SAA is produced in the liver, after being released to blood, it is bound with HDL (high density lipoproteins) fulfills anti-inflammatory functions; its concentration in serum repeatedly grows during the inflammatory reaction. It is a fundamental marker of acute phase, SAA synthesis is mainly stimulated by Il 1 and Il 6. RA and SPA are included in typical inflammatory chronic arthritides, where SAA high concentrations in the patients’ serum are stated. HDL molecules are protecting SAA from the proteolysis. Complexes HDL-SAA are responsible for chemotaxis of monocytes, lymphocytes, mast cells and are activating tissue proteinases: collagenase and stromyelysin. Complexes HDL-SAA are the source of cholesterol for the regeneration of cells damaged by the inflammatory process and simultaneously can act as the carrier of lipids by binding the excess of cholesterol in serum, which is being freed from destroyed tissues. The SAA excess in the chronic inflammable process in relation to the organic protein deposition leads to the reactive amyloidosis.
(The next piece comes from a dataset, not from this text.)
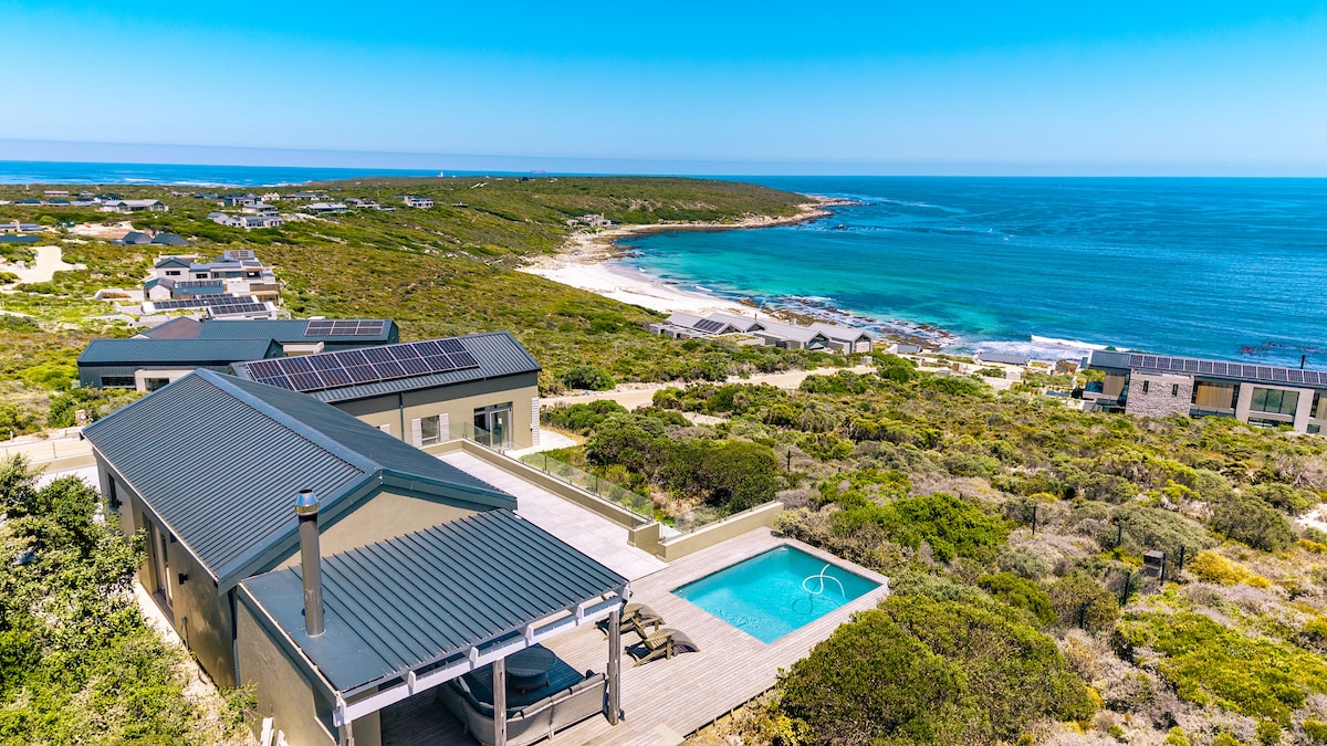 Opplev den ultimate ferien i et luksuriøst, selvforsynt SOLKRAFTDREVET hjem på Romansbaai Estate. Dette moderne tilfluktsstedet tilbyr fantastisk fynbos, havutsikt, og sømløs innendørs/utendørs opplevelse med store skyvedører. Slapp av ved det private bassenget, eller utforsk eiendommens private strand og det frittgående dyrelivet. Med fire rom med eget bad er det perfekt for familier og venner som søker ro. Nyt hvalsafari, strandturer, dyreliv og lokale vingårder – alt rett utenfor døren.

The frequency of amyloidosis appearance in RA fluctuates from 11 to 30%, most often accompanies AS on the SPA course (6%).
In own examinations statistically essential negative correlation was stated between the anatomical stage and the effectiveness of therapy. This observation is matching data in literature [
22,
23].
No essential statistical relations were found between the age of patients, sex, duration of illness, number of RS performed earlier, number of modifying drugs used earlier, and the subjective and objective evaluation of the joint treated before the procedure with the therapy effectiveness.
Initial, general activity of arthritis evaluated on the basis of the concentration of acute phase proteins (CRP, fibrinogen, albumin), OPG, HA, SAA in serum, number of painful and swollen joints, questionnaires (HAQ), indices (RADAI), scores (DAS), and local evaluation based on articular liquid examination (pleocytosis with smear) did not correlate with the therapy effectiveness.
The response to treatment in groups of RA and SPA patients after RS was also determined on the basis of changes in the third metabolic phase of the three-phase scintigraphy of knee joints. Statistically significant positive correlation between the effectiveness of therapy evaluated on the basis of the physical examination was stated toward the effusion and the initial value of the J/B rate established before the treatment. Achieved results are matching data from the literature [
23‐
27]. The effectiveness of therapy negatively correlated with the J/B value after 6 months observation. So the initial value of the J/B rate is prognosing the effectiveness of therapy. The J/B rate is not correlating with the subjective evaluation made before and after 6 monthly period of observation.